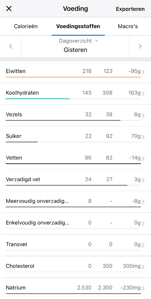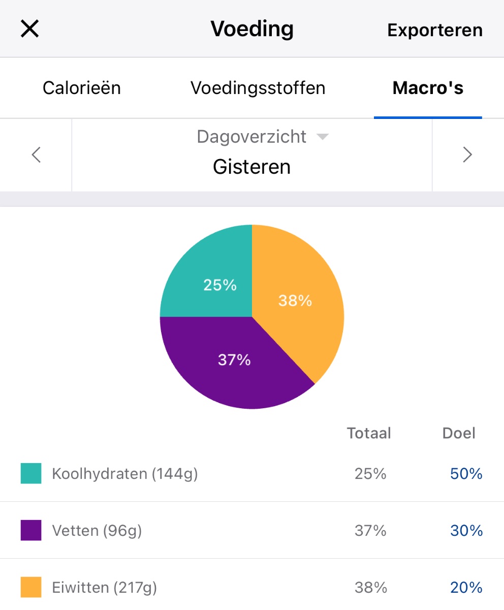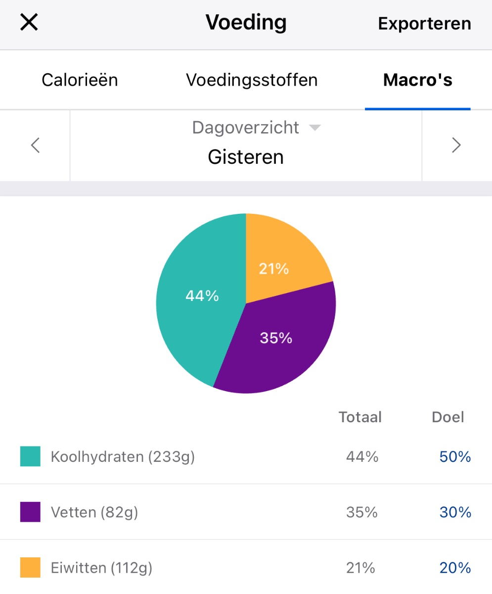 (Houd er wel rekening mee dat niet alle producten in mfp volledig zijn ingevuld qua macro's waardoor je irl soms hoger kan uitkomen dan dat de app zegt)
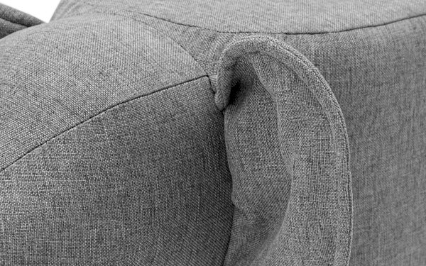 Пуф обшит прочной и экологичной рогожкой серого цвета. Материал натуральный, приятный на ощупь, устойчив к загрязнениям.
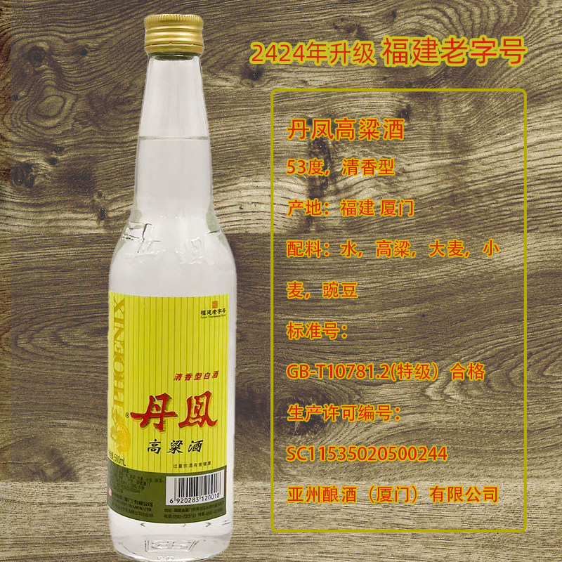 📚 怀旧老款纯粮高粱酒清香型丹凤酒53度厦门亚酿53vol%裸瓶高粱2瓶
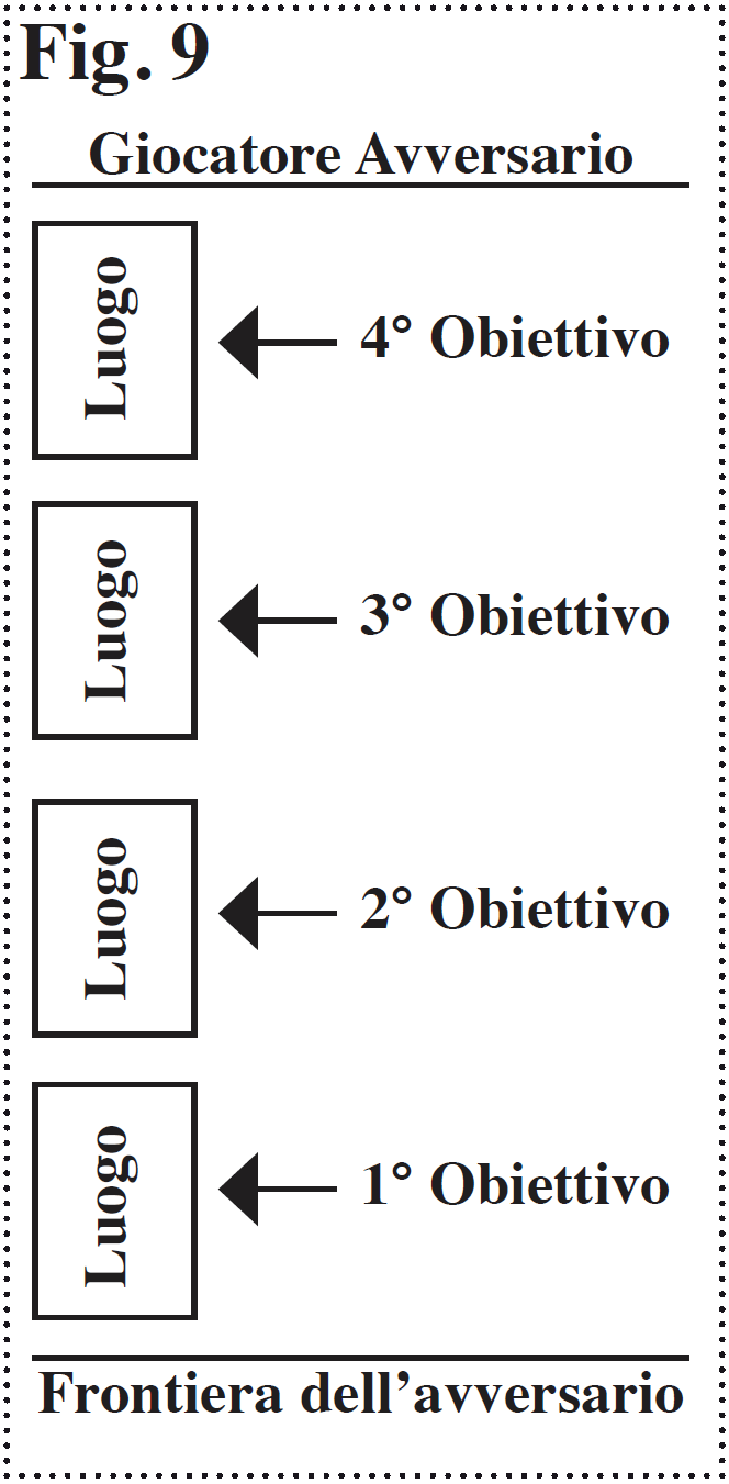 Se il Giocatore di Turno decide di attaccare l’avversario, con uno o più propri Protagonisti, deve seguire uno schema. Il Giocatore di Turno forma dei gruppi di carte, come leggerai nel punto successivo “i gruppi”, e designa ad alta voce l’obiettivo di ciascun gruppo che attacca. Esiste un ordine preciso nella dichiarazione: il primo gruppo deve attaccare la carta Luogo giocata per ultima dall’avversario, quella più vicina alla Frontiera, poi può attaccare in sequenza anche gli altri Luoghi con altri gruppi, dal più vicino alla Frontiera fino a quello più lontano [ Fig. 9 ]. Non esiste limite al numero di Luoghi che possono essere attaccati, a patto che ogni luogo sia attaccato da almeno una carta Esercito, o Personaggio o Maestro. Solo se l’avversario non ha Luoghi nel proprio Presente, le sue carte Maestro, Personaggio ed Esercito possono essere attaccate singolarmente, precludendo in questo caso all’avversario la possibilità di formare dei gruppi di difesa come accade per i Luoghi. Il giocatore di Turno forma i gruppi di attacco ed indica quali carte sta attaccando (anche se quest’ultime sono Impegnate), il difensore non può formare gruppi di difesa e le sue carte protagonista devono difendersi da sole. Questo rende molto vulnerabile in difesa chi non possiede Luoghi. |
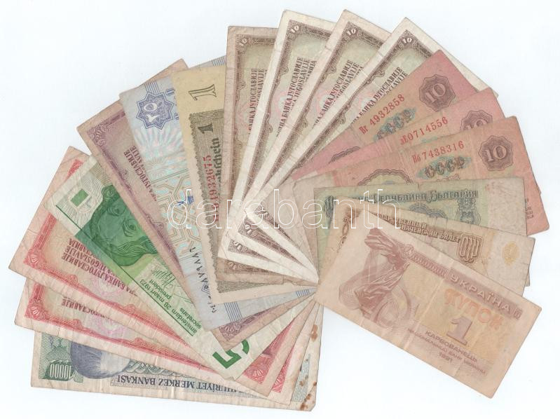 Vegyes, 17db-os külföldi bankjegy tétel, közte Hollandia 1973. 5G + Jugoszlávia 1978-1986. 10D - 100D (3xklf, 7db), stb. T:F,VG
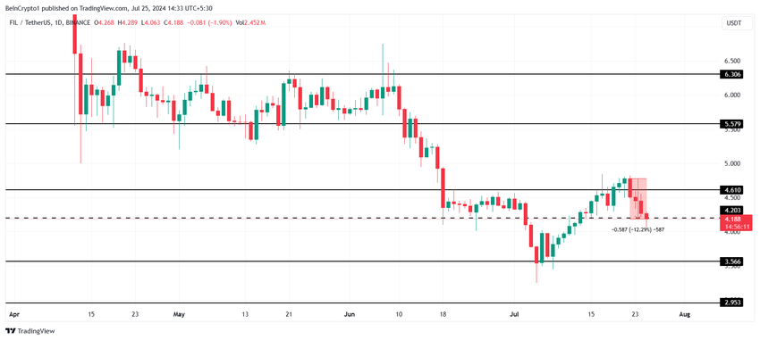 Filecoinin hinta on laskenut 12% viimeisen neljän päivän aikana, vaikka se ylitti aiemmin tällä viikolla 4,6 dollarin kriittisen esteen. Tällä hetkellä kaupankäynti tapahtuu 4,1 dollarissa, ja altcoin on 4,2 dollarin tuen alapuolella, lähestyen 4,0 dollaria.

- - - - -

Required work: Only the lines starting at the one with "Пуф обшит прочной" and ending at the one with "Se il Giocatore" should be printed, each exactly as it appears in the material above; the pictures are to be omitted.

Exercise answer:
 Пуф обшит прочной и экологичной рогожкой серого цвета. Материал натуральный, приятный на ощупь, устойчив к загрязнениям.
 📚 怀旧老款纯粮高粱酒清香型丹凤酒53度厦门亚酿53vol%裸瓶高粱2瓶
 Se il Giocatore di Turno decide di attaccare l’avversario, con uno o più propri Protagonisti, deve seguire uno schema. Il Giocatore di Turno forma dei gruppi di carte, come leggerai nel punto successivo “i gruppi”, e designa ad alta voce l’obiettivo di ciascun gruppo che attacca. Esiste un ordine preciso nella dichiarazione: il primo gruppo deve attaccare la carta Luogo giocata per ultima dall’avversario, quella più vicina alla Frontiera, poi può attaccare in sequenza anche gli altri Luoghi con altri gruppi, dal più vicino alla Frontiera fino a quello più lontano [ Fig. 9 ]. Non esiste limite al numero di Luoghi che possono essere attaccati, a patto che ogni luogo sia attaccato da almeno una carta Esercito, o Personaggio o Maestro. Solo se l’avversario non ha Luoghi nel proprio Presente, le sue carte Maestro, Personaggio ed Esercito possono essere attaccate singolarmente, precludendo in questo caso all’avversario la possibilità di formare dei gruppi di difesa come accade per i Luoghi. Il giocatore di Turno forma i gruppi di attacco ed indica quali carte sta attaccando (anche se quest’ultime sono Impegnate), il difensore non può formare gruppi di difesa e le sue carte protagonista devono difendersi da sole. Questo rende molto vulnerabile in difesa chi non possiede Luoghi. |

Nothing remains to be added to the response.